しかし、先日見かけた奇妙な三人組はそんな可愛らしいものではなかった。描写の練習としてまず状況を説明しようと思う。そこは小学校の体育館程度の広さがある。人が沢山いるけど場が広いのでパーソナルスペースは半径2メートルほど確保できる。通常の体育館はその短い辺に沿ってステージが設置されているが、そこでは長い辺に沿ってステージが設置され、ブースの中では外人がレコードを取り替えたり突然叫んだり腕を振り上げたりして暴れている。照明はかなり暗く頻繁ににピカピカする。低音が風として感じられるほどの大きさで頭の悪そうな音楽が流れており、スピーカーの前にずっと居るとこめかみが痛くなる。土曜の朝4時で、前日は普通に勤務しているからかなり眠く、呑み過ぎで頭もぼーっとしている、こういう状況です。朝になって家に帰る、すぐ日記を書けばメンテナンスが始まる前に日記を書けるだろうけど、一度寝てしまったら恐らく日記を書くことは出来ないだろう、どうしよう、ということを考えながらふらふらしている僕の前にその三人組は突然現れ奇妙な行動を開始したのです。

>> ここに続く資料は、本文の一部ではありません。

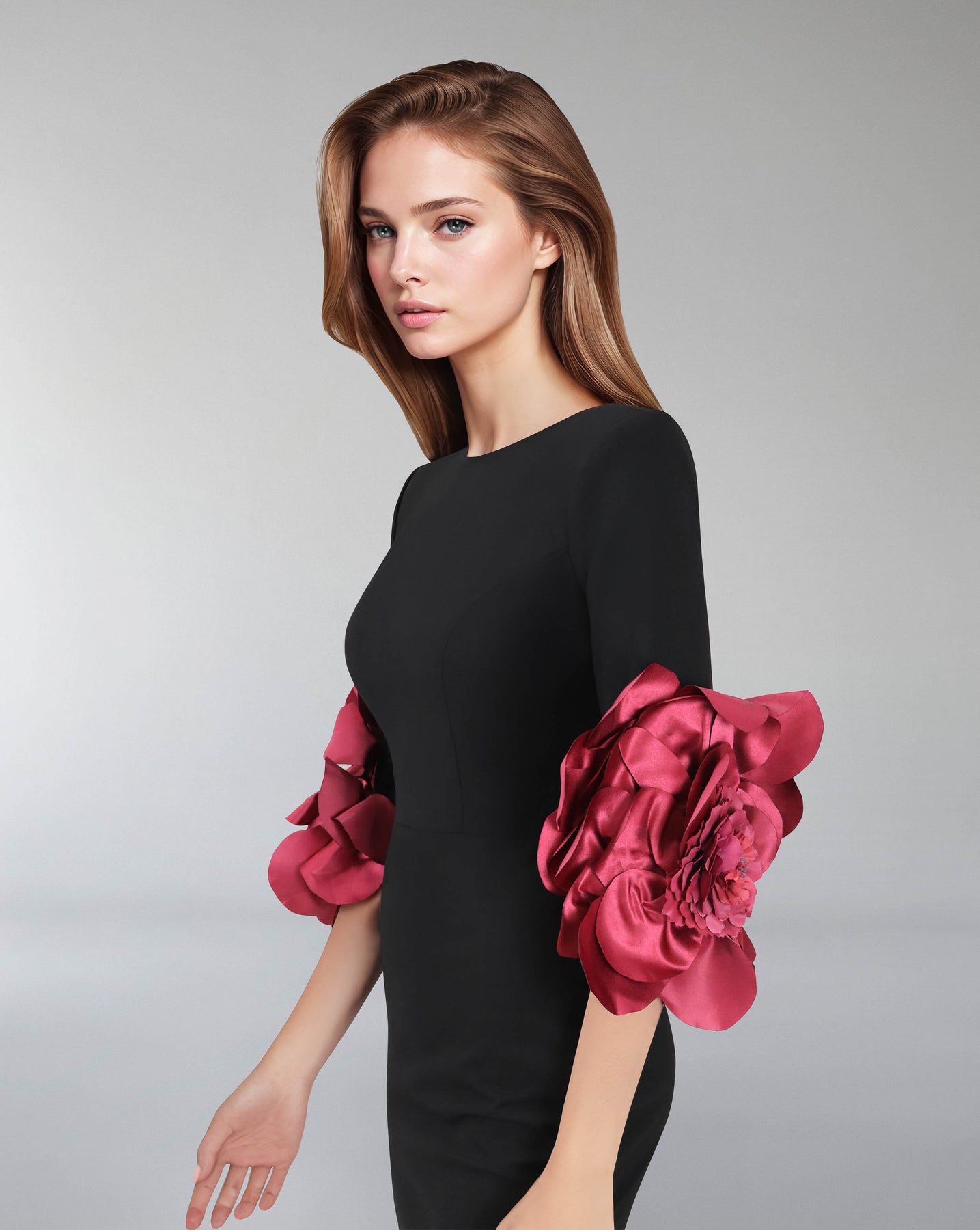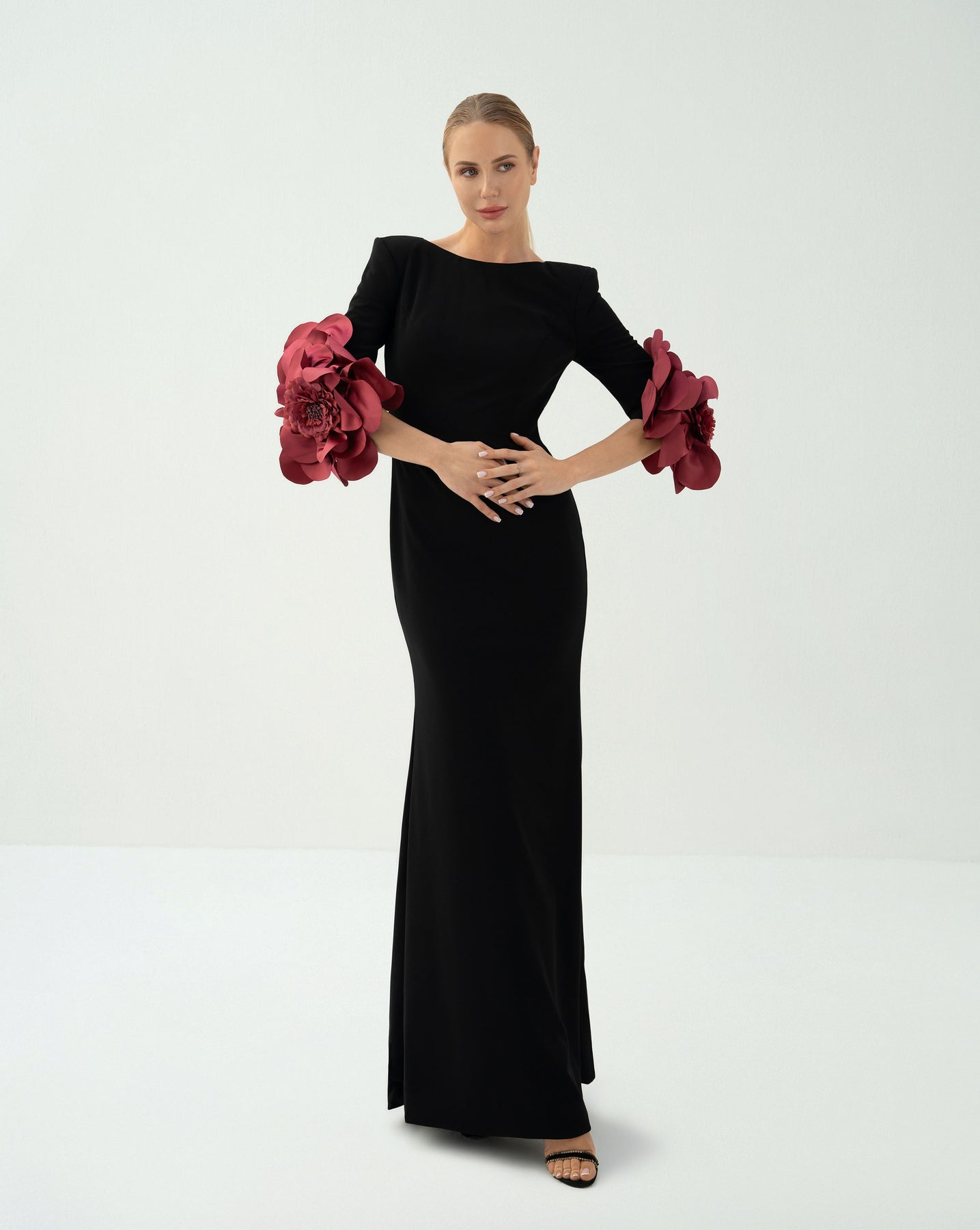 Sleek floor-length black gown with a fitted silhouette, accented by dramatic deep red oversized floral appliqués on the sleeves for a bold, couture-inspired finish.

彼等は男二人、女一人で構成されていて、男二人は親友のようでした。女は恐らくどちらかの男と特別に親密な関係であったのではないかと思われますが、それとわかる挙動は示さなかったし、そもそも僕は男二人の判別が付かなかったのでその点についてははっきりと言う事が出来ません。女は疲れているのか、ただ付き合いで来ただけで気が乗らないのか、僕と同じで眠いのか、ただぼけっと突っ立っていましたが男二人は異常にテンションが高く、現れるとすぐに向かい合って踊りだしました。この踊り方が非常に奇妙であり、僕はそれにマジックポイントを全て吸い取られたのです*1
その踊りは特別難しいものではなく、ただ両足を揃えて左右に跳ぶだけなのです、時々気が向くと片足の膝下だけ振り上げたりもしますが。しかし、それを曲のリズムと全く関係なく、男二人が満面の笑みで向かい合って披露しているという光景は気持ち悪いほど微笑ましく、僕はそれにすっかりやられてしまったので目を離す事が出来なくなりました。
もう四時だし、突然元気になった所で数分と持つまい、そう思っていたのですが、十数分を経てもその男達の意気はいよいよ盛んであり、ついに大技を繰り出します。パワームーヴと言うのでしょうか、互いに互いの手を取り、えいっ、という気合い一閃、両足を揃えて相方の股下に滑り込みます。股くぐりです。しかし勢いが足らないので腰の辺りまでくぐり抜けた所で停止、床に寝転がって上を男にまたがれているのになにが面白いのか馬鹿笑い、この芸が気にいったようで攻守を入れ替えながら何度も挑戦しますが、一向に成功しません(そもそもどうなったら成功なのかが分かりません。手を繋いでいる以上、ある所より先には進めないのです)。この頃には周囲もこの奇態に気づいていますが、大半の人は関わらない方が賢明だと判断したらしく、そこは一種の真空地帯となりました。しかし、僕と同じようにその男達のパフォーマンスに魅入られてしまった人もおり、特に若い女性二人組は立ち上がるのも困難なほど笑い転げていました。男達は周囲の状況など全く眼に入れずに孤高の挑戦を続けていましたが、結局どうも二人のコンビネーションに難があると判断したようで、連れの女性をくぐり役に仕立てようとしました。このときの女性の心から嫌だという決意に満ちた表情もまた素晴らしかった。しかし結局女性は何回かの挑戦を強要され、その全てに失敗しました。
いかに知り合いといえど公衆面前で股くぐりを強いるのはなにかの犯罪を構成するのではなかろうか、と僕は思いましたが、怖かったのでなにも言いませんでした。そしてその人たちは何処かへいってしまいました。

*1:ドラクエが流行っているので……。これが書きたかっただけです、この日記は。